Instead of attempting the impossible, I've just waited for the dirty page
accounting infrastructure to materialize (thanks to Peter Zijlstra and
others). This nicely solved the biggest problem: limiting the number of pages
used for write caching.
Some small details remained, however, which this largish patch attempts to
address. It provides a page writeback implementation for fuse, which is
completely safe against VM related deadlocks. Performance may not be very
good for certain usage patterns, but generally it should be acceptable.
It has been tested extensively with fsx-linux and bash-shared-mapping.
Fuse page writeback design
--------------------------
fuse_writepage() allocates a new temporary page with GFP_NOFS|__GFP_HIGHMEM.
It copies the contents of the original page, and queues a WRITE request to the
userspace filesystem using this temp page.
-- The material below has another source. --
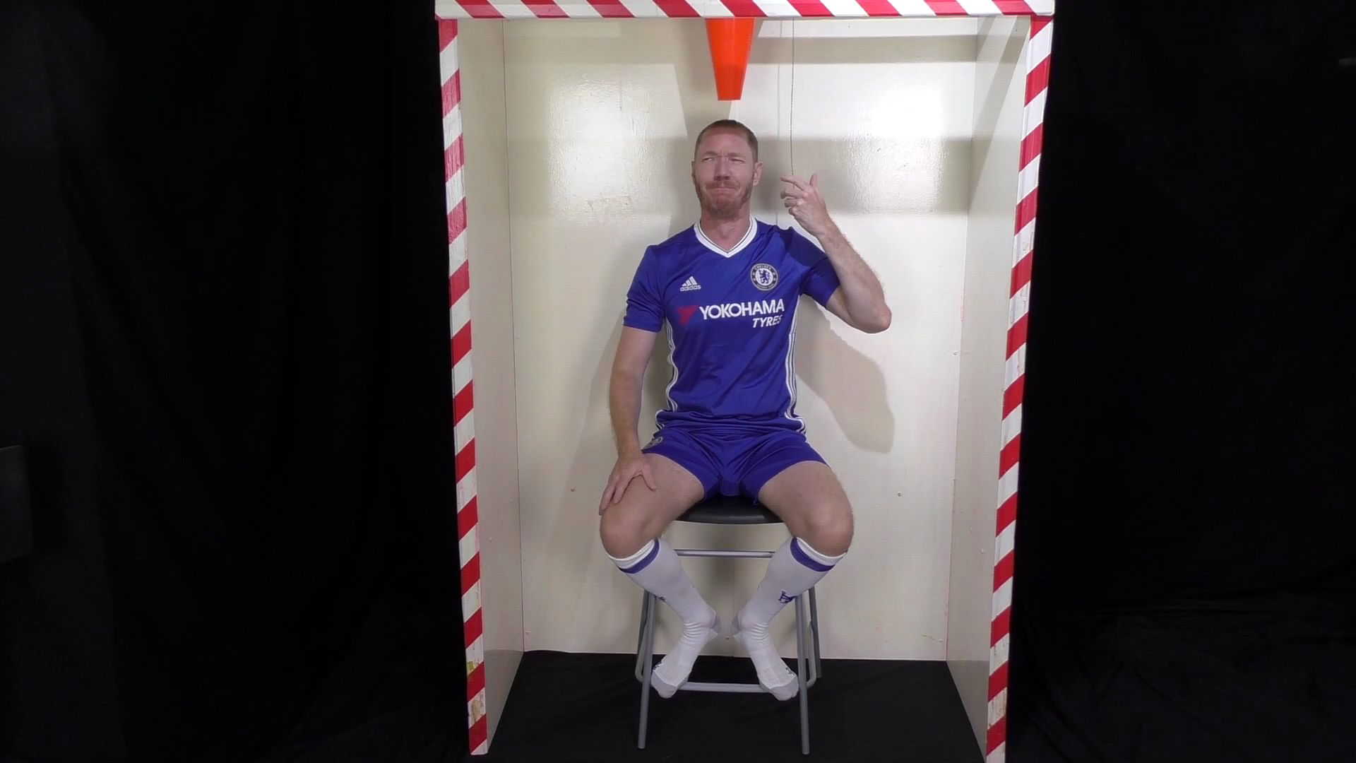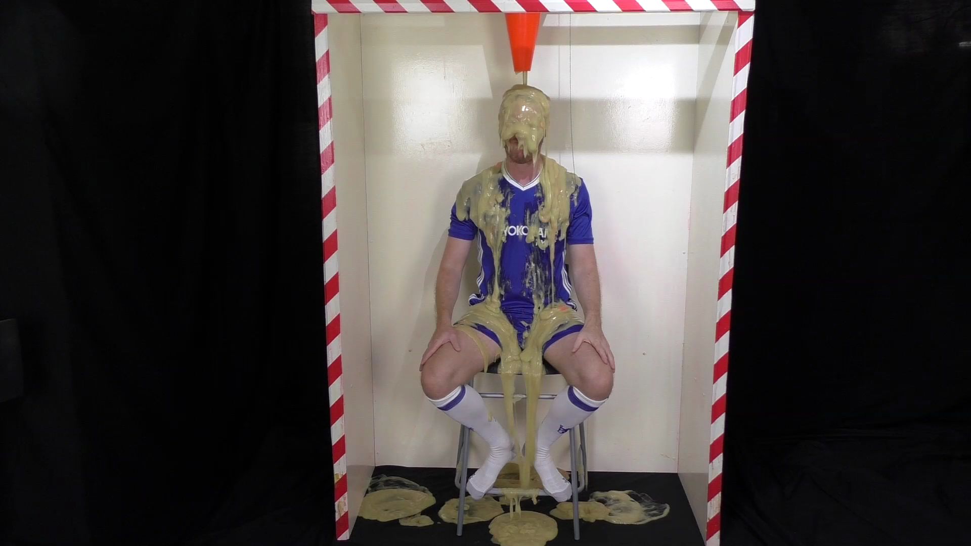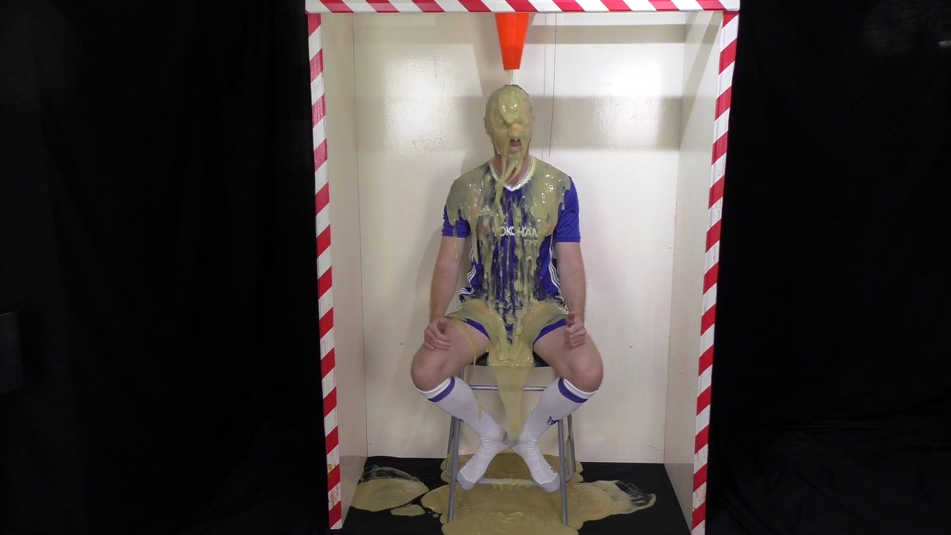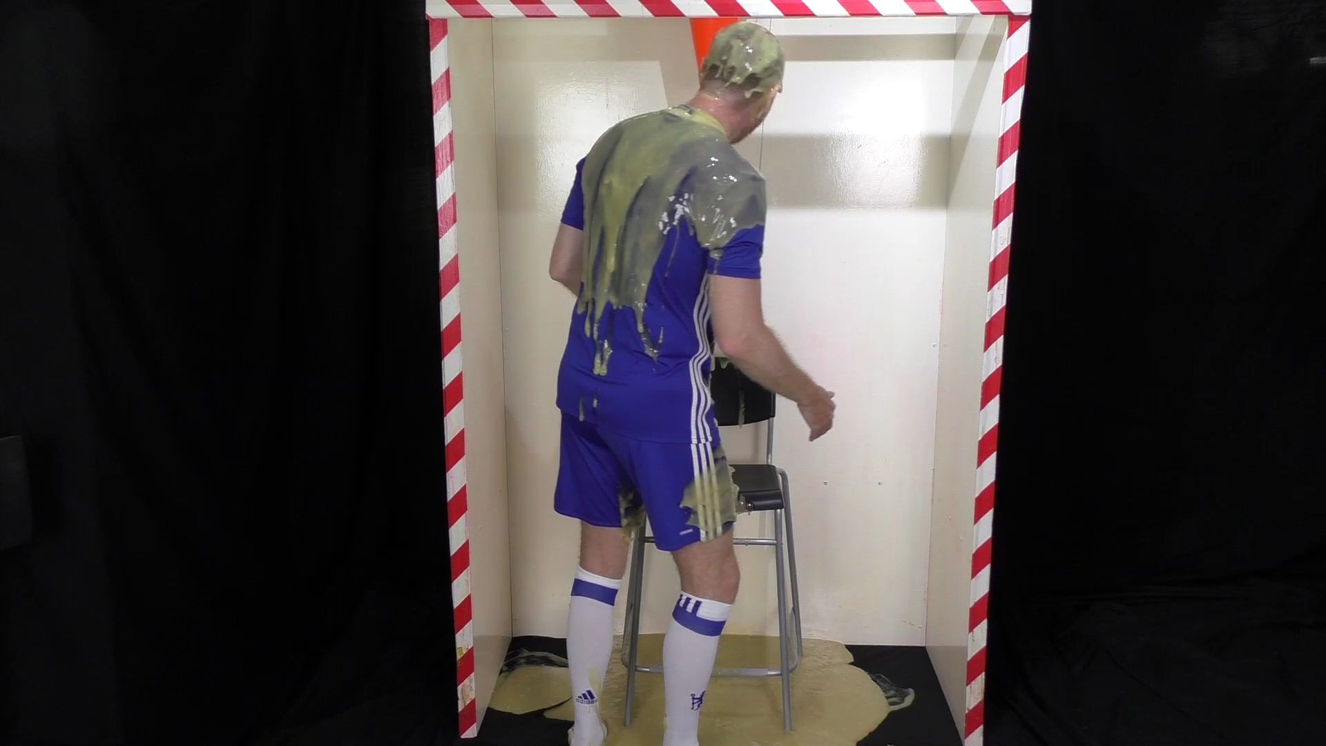 After a vote on Twitter, it was decided that MattUK would wear the Chelsea Football Club kit in to the gunge tank. Awaiting him is cold, thick green slime left over from the weekend before. There’s a little bit of post gunge footage just so you can see a bit more of the gunged kit.

The writeback is finished instantly from the MM's point of view: the page is
removed from the radix trees, and the PageDirty and PageWriteback flags are
cleared.
For the duration of the actual write, the NR_WRITEBACK_TEMP counter is
incremented. The per-bdi writeback count is not decremented until the actual
write completes.
On dirtying the page, fuse waits for a previous write to finish before
proceeding. This makes sure, there can only be one temporary page used at a
time for one cached page.
This approach is wasteful in both memory and CPU bandwidth, so why is this
complication needed?
The basic problem is that there can be no guarantee about the time in which
the userspace filesystem will complete a write. It may be buggy or even
malicious, and fail to complete WRITE requests. We don't want unrelated parts
of the system to grind to a halt in such cases.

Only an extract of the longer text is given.